Despite several months of lockdown and travel restrictions, investments in Israel’s tech sector continued to be strong in the first half of the year, which may indicate that investors “are anticipating the new digital age, and are increasing their investments in tech accordingly,” the paper said.
Equity investments in tech firms totaled $4.59 billion in the first half of the year, compared to $3.45 billion in the first half of 2019, SNC data shows, and of $7.64 billion for the full year 2019.
This would be “consistent with the K-shaped economic recovery, in which the tech sector worldwide recovers strongly, while the rest of the global economy struggles for a much longer period.”
High uncertainty, disconnect is a worry
Even so, uncertainty regarding future investments remains high, the report said. And because Israel’s tech sector is highly dependent on foreign investors, mainly from the US, in times of crisis Israel is vulnerable because “investors tend to increase their home bias.” Travel restrictions imposed by the coronavirus make decision making from afar harder.
Israel should thus use this current crisis as an opportunity to reduce its dependence on foreign capital, by trying to attract local institutional investors “and encouraging Israeli savings to be invested in Israel’s economic engine – its tech sector,” SNC said. Because of the high risks associated with investing in startups, Israeli institutional investors that are in charge of investing the pension and savings funds of Israelis have traditionally largely steered clear of the tech sector.

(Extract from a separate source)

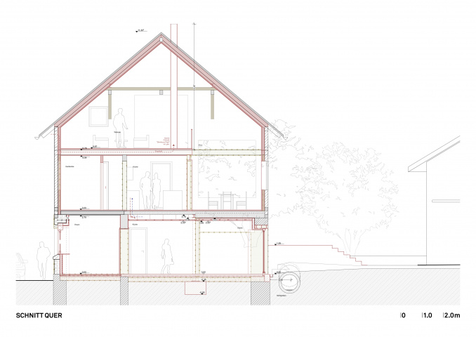 Die ehemalige Mühle im Ortszentrum des beschaulichen Rhöndorfs Roßdorf wurde grundlegend saniert und an aktuelle Wohnbedürfnisse angepasst. Die separierte Erdgeschosswohnung wird weiterhin über den historischen Eingang erschlossen. Für die großzügige zweite Wohneinheit in Ober- und Dachgeschoss wurde an der gegenüberliegenden Westfassade ein ebenerdiger Zugang mit direkter Verbindung zum Garten geschaffen. Küche und Wohnraum verschmelzen hier über einen großzügigen Luftraum und große Fensteröffnungen zum Zentrum des Familienalltags.

The authors of the report also warn of a “disconnect” between the nation’s booming tech sector and the rest of the economy, which can lead to growing resentment toward the sector in some circles.
“We began to see the telltale signs during the early stages of the pandemic, when support programs for high-tech companies were met with hostility by the general public,” the authors said. This could lead to “populist legislation” that could seek to curb foreigners from what could be perceived as “grabbing up all of the talent without sharing the profits.”
“This scenario is a serious threat to the sector’s sustainability and to the Israeli economy that depends heavily on the sector,” the authors said.
“The Israeli innovation ecosystem once thrived on a fruitful public-private partnership. But as the high-tech industry grew, it became more global and less Israeli, and that partnership has eroded,” they said.
In the new digital age, post-pandemic, a new partnership should be formed by making sure savings of the local population are invested in the tech sector, by strengthening the tech companies’ efforts to hire underrepresented populations and by connecting traditional Israeli businesses to advanced tech solutions, to bring everyone on board.
“All of these solutions can result in a new equilibrium that is mutually beneficial for Israeli high-tech and the rest of society,” the authors said.
The authors of the report show that over the past decade Israel has been a pioneer in adapting new technologies, faster than other tech ecosystems and has applied them across a wide variety of industries. These include artificial intelligence (AI), augmented reality (AR), autonomous technologies, big data and internet of things (IoT), which give it a global edge, the statement said.
The nation is also a leader in a variety of technologies that will become even more important in the post pandemic era – including cybersecurity, digital health, fintech, industry 4.0, and agri-food-tech.